EE Team Wins Best Demo Award at ACM SenSys 2021
Team led by Professor Fred Jiang and PhD students Stephen Xia, Yanchen Liu, and MS student Chenye Yang, together with UCSD collaborators Rishikanth Chandrasekaran and Tajana Simunic Rosing won the Best Demo Award at ACM Sensys 2021.
Their demo is titled “A Drone-based System for Intelligent and Autonomous Homes”.
The growth of smart devices, home assistants, and low-power sensors have made homes and the built environment more intelligent. However, we are far from truly intelligent environments. To move towards more intelligent and autonomous homes, Columbia Electrical Engineering researchers in the Intelligent and Connected Systems Lab (ICSL) developed DIA, a drone-based system towards more intelligent and autonomous homes. DIA incorporates two key ideas to accomplish this.
One of the key reasons limiting smart home intelligence is that many of the growing number of smart devices and sensors found within our homes function independently from one another. First, DIA automatically discovers smart sensors and actuators within the home network and jointly and dynamically leverages them to provide higher-level services and applications that are otherwise not possible. Additionally, if new sensors are added to the home or if existing sensors fail and drop off the network, DIA dynamically adjusts the execution pipeline of each task based on the available working sensors and actuators.

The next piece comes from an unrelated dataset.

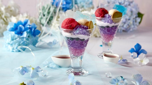 続いて梅雨の紫陽花の美しさをそのまま切り取ったような「紫陽花パフェ」をご用意。2色の飴とゼリーできらめくパフェは、見た目だけではなくナタデココや飴などの食感もお楽しみいただけるように仕上げ、お好みで別添えのブルーベリーソースを加えてお召し上がりいただけます。

Second, DIA explores the idea of utilizing drones within the home environment, which will soon be in every home as their size and price continues to drop. Drones have been used in many outdoor contexts, but relatively few works explore applications in indoor settings.
Stephen Xia is currently a Ph.D. Candidate in the Department of Electrical Engineering at Columbia University, working with Dr. Xiaofan (Fred) Jiang in the Intelligent and Connected Systems Laboratory (ICSL). Stephen received his B.S. in Electrical Engineering from Rice University (2016). Stephen’s research lies at the intersection of cyber-physical systems, artificial intelligence, machine learning, and signal processing, with a focus on mobile and wearable systems, Internet of Things, edge computing, and connected health.
The 19th ACM Conference on Embedded Networked Sensor Systems (SenSys 2021) introduces a highly selective, single-track forum for research on systems issues of sensors and sensor-enabled smart systems, broadly defined. Systems of smart sensors will revolutionize a wide array of application areas by providing an unprecedented density and fidelity of instrumentation. They also present various systems challenges because of resource constraints, uncertainty, irregularity, mobility, and scale. This conference provides an ideal venue to address research challenges facing the design, development, deployment, use, and fundamental limits of these systems. Sensing systems require contributions from many fields, from wireless communication and networking, embedded systems and hardware, energy harvesting and management, distributed systems and algorithms, data management, and applications, so we welcome cross-disciplinary work.
At ACM SenSys 2021 in Coimbra, Portugal, Ph.D. student Stephen Xia demonstrated the capabilities of DIA through four different home tasks that can only be accomplished by jointly leveraging sensors and drones.
- Continuous Privacy-Sensitive Fall Detection: A robust and commonly used method for detecting falls is to use a camera to detect if a person is laying on the floor. However, having a camera constantly recording poses a privacy concern. As such, DIA dynamically leverages lower fidelity, but less intrusive, vibration sensors to detect potential falls. Once a potential fall is detected, DIA sends a camera-equipped drone to analyze the area and confirm actual falls. By opportunistically leveraging the camera in conjunction with vibration sensors, DIA retains high accuracy while being more privacy sensitive.
- Digital Fence and Intrusion Detection: Once again, cameras can be used to detect an unknown person entering a home. However, placing cameras to cover the entire home perimeter could be expensive and privacy intrusive. Instead, DIA leverages cheaper proximity sensors that can easily be installed around the home perimeter to detect potential trespassers. Once a proximity sensor is triggered, DIA sends the camera-equipped drone to the area to verify whether an intruder is present.
- Child Monitoring: Rather than constantly using a video stream to detect if your baby is in distress, DIA intelligently decides to leverage a nearby microphone and only send a drone to observe the child if it detects crying noises of distress, as audio is less intrusive than privacy.
- Automatic Selfie: DIA can leverage cameras and the drone to take selfies and photos without users having to lift a finger or their smartphones.
This demo received the Best Demo Award at the conference. The demo abstract is available at ACM Digital Library.